Были идентифицированы основные компоненты термина биологического процесса «GO:0006952 Defense Response» и паттерны экспрессии генов-кандидатов аллелей Lanr1 и AnMan. Шкала Log2 представляет значения log2 (кратное изменение) между инокулированными (Colletotrichum lupini, штамм Col-08, полученный с полей люпина, Виженица, Польша, 1999) и контрольными (ложноинокулированными) растениями в один и тот же момент времени. Были проанализированы следующие линии узколистного люпина: 83A:476 (устойчивый, несущий гомозиготный аллель Lanr1), Boregine (устойчивый, генетический фон неизвестен), Mandelup (умеренно устойчивый, несущий гомозиготный аллель AnMan) и Популяция 22660 (восприимчивый).
Кроме того, были оценены профили экспрессии генов-кандидатов РНК-секвенирования Lanr1 (TanjilG_05042) и AnMan (TanjilG_12861) (рис. 3). Ген TanjilG_05042 показал значительный ответ (активацию) в 83A:476 только в первой временной точке (6 hpi), тогда как TanjilG_12861 был значимым в Mandeloop только в двух временных точках: 6 hpi (понижение регуляции) и 24 hpi (6 hpi). С.). регулируемый) ).

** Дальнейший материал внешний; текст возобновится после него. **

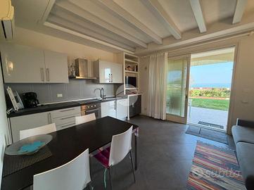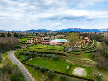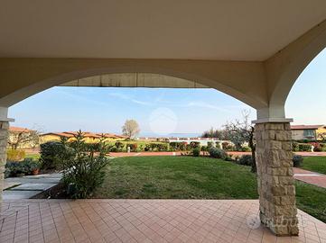 Manerba del Garda - Trilocale con vista lago mozzafiato A pochi passi dal prestigioso Porto di Dusano, proponiamo in vendita uno splendido trilocale al piano terra con giardino privato e meravigliosa vista lago centrale, inserito in un contesto esclusivo e di pregio. L'immobile si compone di un'ampia e luminosa zona living con cucina a vista, due camere da letto, di cui una matrimoniale con accesso al giardino e piacevole vista, e una camera singola di generose dimensioni con portafinestra. Completa la zona interna un ampio bagno finestrato con doccia. Il residence offre servizi esclusivi, tra cui una splendida piscina panoramica con vista lago, vero fiore all'occhiello del complesso, perfetta per momenti di relax immersi in un paesaggio unico. Presenti inoltre zona picnic, campo da beach volley, campo da calcio e servizio di custode. Completano la proprietà posto auto e garage di proprietà. Soluzione ideale sia come prima casa, grazie alle comode metrature e ai numerosi comfort, sia come seconda casa per chi desidera vivere o investire in una posizione invidiabile, a ridosso del Porto di Dusano, in un contesto elegante e ricercato

Наиболее сверхэкспрессированными генами в термине GO:0055114 «окислительно-восстановительный процесс» были гены, кодирующие белки цитохрома P450 и пероксидазу (рис. 4). Для образцов, выделенных из 83A:476 на 6 HPI, максимальные или минимальные значения log2 (кратность изменения) (для 86,6% генов) в целом наблюдались между инокулированными и контрольными растениями, что подчеркивает высокую реакцию этого генотипа на инокуляционный пол. 83A:476 показал наиболее значительный GO: 0055114 DEG на 6 hpi (503 гена), тогда как остальные линии на 48 hpi (Boregine, 31 ген; Mandelup, 85 генов; и Population 22660, 78 генов)). В большинстве генов семейства GO:0055114 наблюдались два типа ответов на вакцинацию (активация и ингибирование). Интересно, что до 97,6% DEG, идентифицированных для термина GO: 0055114 у Mandelupe при 48 hp Эти наблюдения предполагают, что, несмотря на значительно меньший масштаб (т. е. количество мутировавших редокс-генов, 85 против 503), паттерн отсроченных транскриптомных ответов mandeloup на антракноз аналогичен раннему ответу 83A:476. У Boregine и Population 22660 эта конвергенция ниже — 51,6% и 75,6% соответственно.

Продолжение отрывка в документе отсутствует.